Michaƫl G. (Bakura) said...

Interesting reading. How do you handle effects in this design ? For instance, let's say you want to render shadow maps for each lights in the scene ?

Is there a kind of ShadowMapFeature (so MeshRenderer will register into this) that will create, for each light, render commands ?

What about the so-called ShaderParamBlockParameter ? How shader variables are updated with this system ?

Sorry for those silly questions.

DEADC0DE said...


Shadowmaps should be handled by your "scene" context. In my post I used some arbitrary names and terminology, I said that you will have a thing called "SceneInterpreter" that is associated with the most-significant bits of your command, and sets the rendertargets etc... So if you want some objects to be shadowmapped, you submit commands to render them twice, a set of command for the "main" scene, and a set of commands for the "shadow" one. Then commands get sorted and rendering happens in the appropriate buffers. You might want to include in the commands the appropriate materials for the two passes, or specialize your SceneInterpreter so when it encounters a command that has encoded in its bits the "shadow" scene setting, it also sets (overrides) the appropriate shaders...

About the parameters... Think about DirectX10/11. Instead of having single parameter granularity, you create a block of parameters. You set all the parameters in the block, and encode the block handle in the command

Demiurge said...

I've opened a discussion on gamedev on rendering design, a little brainstorming, in which everyone could share his opinion.
This post is one of the reading that had let my brain start to think on different way of handling the same problem - rendering - so I would like you to see what happen in the post.

Thank you!

Gabriel (aka Joren, Demiurge...)

DEADC0DE said...

Demiurge: nice. Now that I read this thing again, I have to say I did a pretty bad job at explaining it. It goes too much into irrelevant implementation details, and too little into things that are actually important, like minimizing cache hits.
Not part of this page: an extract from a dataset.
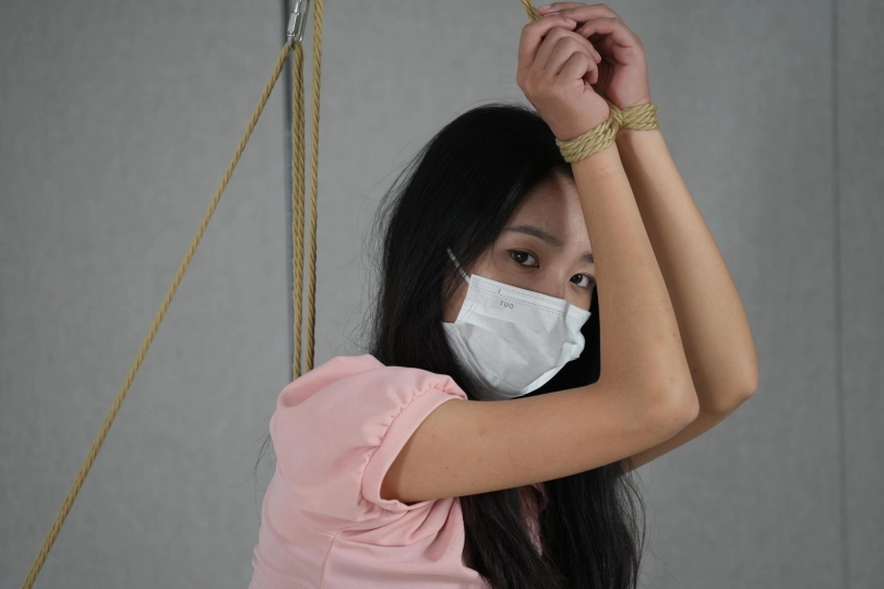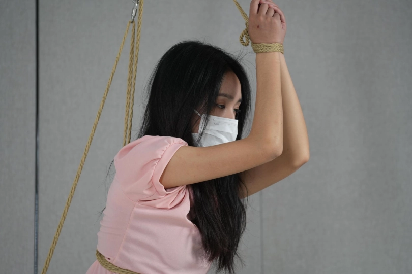 【视频时长】:00:17:04 【文件大小】:1016MB 沫沫无意中看到绳艺游戏捆绑,根据手机上的地址到达地点后有些后悔,打算打车离开时身后有个陌生人拿出绳子对她进行一系列的捆绑并告诉她要陪他完成挑战才能解开绳子;5张卡片,30秒钟记住图片中的细节,每张卡片中抽取两个问题进行提问,回答正确视为通过,回答错误接受惩罚。游戏开始了,沫沫脚下的三块砖都被抽走了,她只能踮着脚尖,胳膊上的绳子也越发紧了,胸下面的绳子格外紧,让她难受不已,此刻的她已经感觉手麻了,但游戏还在继续,双手吊缚+单腿吊缚的绑法将沫沫的身姿衬托的更为迷人,侧脸的颜值简直让人心痒痒。虽然偶尔怜惜但游戏输了还是要惩罚的! ![]() ![]() ![]() ![]() ![]() ![]() ![]() ![]() ![]() ![]() ![]() ![]() ![]() ![]() ![]() ![]()

Demiurge said... have shared your idea, writing down what you think about.
The powerful beautiness of sharing and writing down reasoning is that after some time you can read back what you wrote and understand deeply your thoughts!
Also explaining it to other people is a great litmus paper.
What I am doing on Gamedev is simply a shared brainstorming, and I found in your post some very interesting ideas.
What I want to explore is a solution powerful and flexible, something that could give the developer a great degree of freedom but also SPEED!
Maybe you can join the discussion, or if you haven't coded your rendering engine, we can discuss about it and find every caveats and solutions!

DEADC0DE said...

From what I can see, it's good, the only drawback that I see in it is that you are basically working with handles all the times, so you pay that on the cache when going from the hashes to the resources...

An alternative to avoid that is to record abstracted commands that embed pointers to the native resources. In my engine test, a draw command is a short bit string made of handles, that is both the command and the sorting key for it.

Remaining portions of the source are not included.